[Pkg-octave-devel] fw: gfortran transition release goal proposal
Kevin B. McCarty
kmccarty at gmail.com
Tue Jul 24 19:35:07 UTC 2007
[Note: I added back removed CC's, except for debian-release which is
Not A Discussion List (TM).]
On 7/24/07, dcaliste at free.fr <dcaliste at free.fr> wrote:
> Hello,
>
> On Mon, 23 Jul 2007 19:16:29 -0400, Adam C Powell IV <hazelsct at debian.org> wrote:
Actually I was the one who wrote the below-quoted text.
> >> (especially if there are different versions). Would be better if the
> >> missing getarg_ symbol could be put into libgfortran.
> I'm suprised you had this problem with gfortran. I'm using it with in version 4.1 and getarg() do exist:
> program toto
> character(len = 80) :: tmp
>
> call getarg(0, tmp)
> write(*,*) tmp
> end program toto
> gfortran -o toto toto.f produces the executable without error.

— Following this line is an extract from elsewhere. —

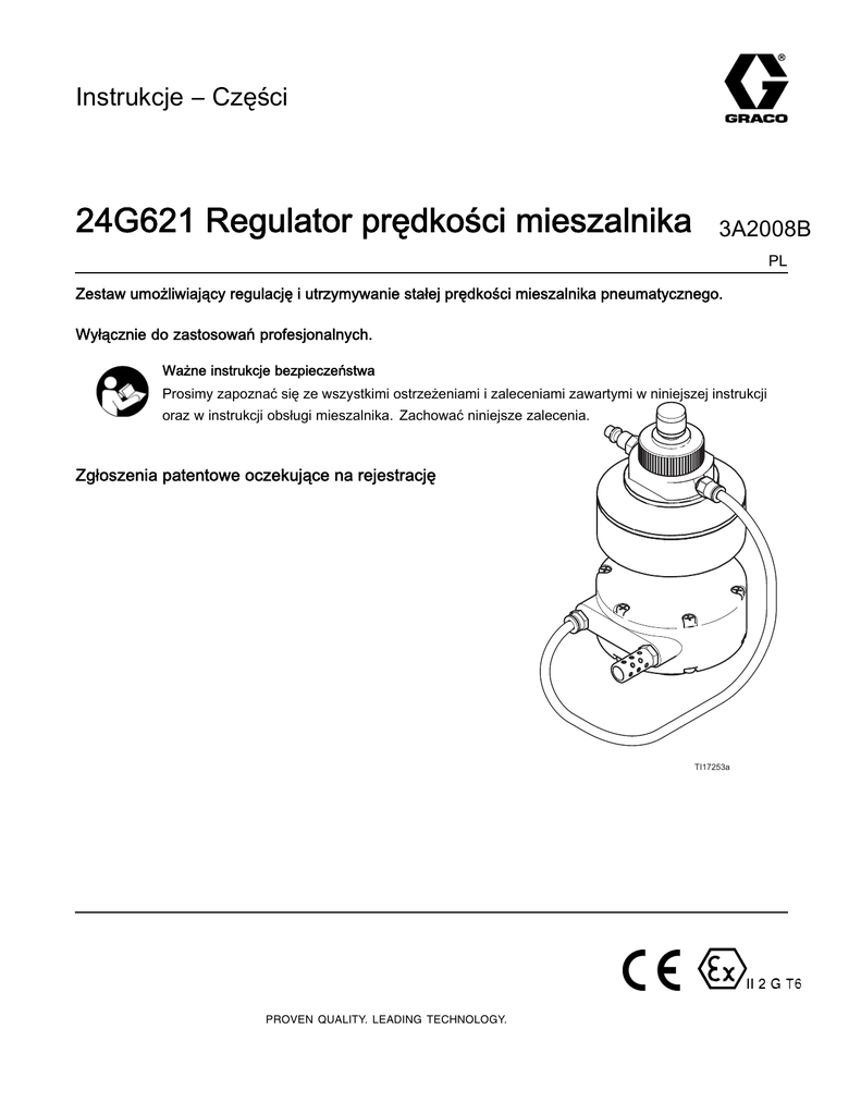 Instrukcje – Części 24G621 Regulator prędkości mieszalnika 3A2008B PL Zestaw umożliwiający regulację i utrzymywanie stałej prędkości mieszalnika pneumatycznego. Wyłącznie do zastosowań profesjonalnych. Ważne instrukcje bezpieczeństwa Prosimy zapoznać się ze wszystkimi ostrzeżeniami i zaleceniami zawartymi w niniejszej instrukcji oraz w instrukcji obsługi mieszalnika. Zachować niniejsze zalecenia. Zgłoszenia patentowe oczekujące na rejestrację TI17253a PROVEN QUALITY. LEADING TECHNOLOGY. Contents Montaż............................................................... 3 Eksploatacja....................................................... 5 Rozwiązywanie problemów ................................. 6 Naprawa ............................................................ 7 Dane techniczne................................................. 10 ........................................................... 11 Standardowa gwarancja firmy Graco.................... 12 Części zestawu .................................................. 8 2 3A2008B Montaż 2. Zamontować złączkę przewodu powietrza (21) w miejsce zaworu iglicowego. Regulator prędkości mieszalnika pasuje do następujących silników pneumatycznych firmy Graco: Silnik, nr części 101140 16A871 101388 111310 UWAGA: przed montażem należy upewnić się, że silnik pneumatyczny mieszalnika ma co najmniej 12,7 cm (5 cali) wolnej przestrzeni w poziomie oraz co najmniej 10,2 cm (4 cale) wolnej przestrzeni w pionie. UWAGA: jeśli korzystasz ze smarownicy, zamontuj ją od strony dopływu powietrza regulatora prędkości. TI17256a-1 3. Przykręcić palcami nakrętkę zaciskową (24) do złączki kołnierzowej (23). Umieścić zespół złączek (23, 24) na odsłoniętym wale silnika pneumatycznego, złączką kołnierzową do dołu. 1. Zdjąć pokrywę silnika (A) oraz zawór iglicowy (B) za pomocą klucza wielofunkcyjnego (26). Schować elementy w bezpiecznym miejscu; będą potrzebne, jeśli regulator prędkości zostanie w przyszłości zdjęty. TI17254a-1 TI17257a-1 TI17255a-1 3A2008B 3 4. Za pomocą klucza imbusowego (25) i klucza wielofunkcyjnego (26) dokręcić nakrętkę zaciskową (24) przynajmniej na 1/8 obrotu. To zapewni mocne połączenie z wałem silnika. 6. Podłączyć przewód powietrza (27) do złączki regulatora prędkości (29) i złączki silnika pneumatycznego (21). 21(Nr ref.) TI17258a-1 5. Upewnić się, że sześciokątna końcówka wału (C) znajduje się w gnieździe sześciokątnym (D) złączki kołnierzowej. Przykręcić palcami podstawę regulatora prędkości do gwintów znajdujących się w górnej części silnika. TI17253a-1 7. Wznowić używanie urządzenia. Podłączyć główny przewód powietrza do szybkozłączki (28) regulatora prędkości. TI17259a-1 4 3A2008B Eksploatacja Podłączyć główny przewód powietrza do szybkozłączki (28), znajdującej się na regulatorze prędkości. Nie przekraczać maksymalnego ciśnienia wlotowego powietrza 0,7 MPa, 7,0 bar (100 psi). Ustawić prędkość mieszalnika za pomocą pokrętła (16), znajdującego się w górnej części regulatora. Przekręcić w kierunku przeciwnym do ruchu wskazówek zegara (na zewnątrz), aby zwiększyć prędkość mieszalnika. Przekręcić w kierunku zgodnym z ruchem wskazówek zegara (do wewnątrz), aby zmniejszyć prędkość mieszalnika. Gdy ustawiona zostanie pożądana prędkość, regulator prędkości utrzyma ją poprzez regulację przepływu powietrza w silniku pneumatycznym. 16 Przekręcić pokrętło w lewo w celu zwiększenia prędkości. Przekręcić pokrętło w prawo w celu zmniejszenia prędkości. 28 TI17260a-1 Aby wyłączyć mieszalnik, należy odłączyć dopływ powietrza lub użyć pokrętła regulującego prędkość, przekręcając je do końca w kierunku zgodnym z ruchem wskazówek zegara. 3A2008B 5 Rozwiązywanie problemów Problem Rozwiązanie Regulator prędkości nie dostosowuje się do zmian w obciążeniu lub wyłącza się zanim pokrętło (16) zostanie przekręcone do końca. Usunąć iglicę (13). Nasmarować iglicę i pierścień uszczelniający (33) uniwersalnym smarem litowym. Regulator prędkości nie utrzymuje stałej prędkości lub prędkość ulega ciągłym zmianom. Wymienić iglicę (13), nasadkę u-cup (11) i pierścień uszczelniający (33), korzystając z zestawu naprawczego 24J886. Po uruchomieniu silnik przez kilka sekund pracuje bardzo szybko zanim regulator prędkości go spowolni. Upewnić się, czy nakrętka zaciskowa (24) i złączka kołnierzowa (23) są mocno przykręcone do wału silnika. Patrz: Montaż, page 3 . Regulator prędkości nie odcina silnika pneumatycznego, gdy pokrętło przekręcone jest maksymalnie do dołu, lub prędkość nie może zostać zredukowana poprzez przekręcenie pokrętła w dół. Wymienić iglicę (13), uszczelkę o-ring (18) i łożysko (20), korzystając z zestawu naprawczego 24J886. 6 3A2008B Naprawa UWAGA: aby przeprowadzić naprawę mieszalnika, należy skorzystać z dołączonej do niego instrukcji. UWAGA: dostępny jest zestaw naprawczy 24J886. Zestaw należy zamawiać oddzielnie. Części zestawu są oznaczone gwiazdką, na przykład (3*). Aby uzyskać najlepsze wyniki, należy zastosować wszystkie części wchodzące w skład zestawu. UWAGA: za każdym razem, gdy konieczna jest lubrykacja, należy stosować uniwersalny smar litowy. Nr części 111920. 1. Odłączyć główny przewód powietrza regulatora prędkości. 2. Odkręcić rurkę (27) łączącą regulator prędkości z silnikiem pneumatycznym. dużej podkładki (12). Zamontować wał (4) oraz zespół ramion krzywki w dolnej części obudowy (1). Łożysko (3*) musi być w pełni osadzone w gnieździe znajdującym się w obudowie. 10. Przykręcić górną część obudowy (2) do dolnej części obudowy (1). 11. Przekręcić pokrętło regulacyjne (16) do samego końca w kierunku przeciwnym do ruchu wskazówek zegara (na zewnątrz). Przykręcić nakrętkę r

Right, stand-alone FORTRAN code should still compile. The problem is
that gfortran converts a call to GETARG() in source code to the symbol
_gfortran_getarg_i4 [*] in object code, and not to getarg_ as one
would reasonably expect (based on all historical expectations of how
g77 and gfortran do name mangling). So configure scripts that try to
look for a getarg_ symbol in gfortran-generated code, as in MPICH,
will fail. Also, C code that's written to interface to FORTRAN code
and tries to call getarg_() directly, as in Cernlib, will fail to
link.
[*] And who knows whether or not that will change in the future, or
how many other FORTRAN functions similar name-mangling changes affect.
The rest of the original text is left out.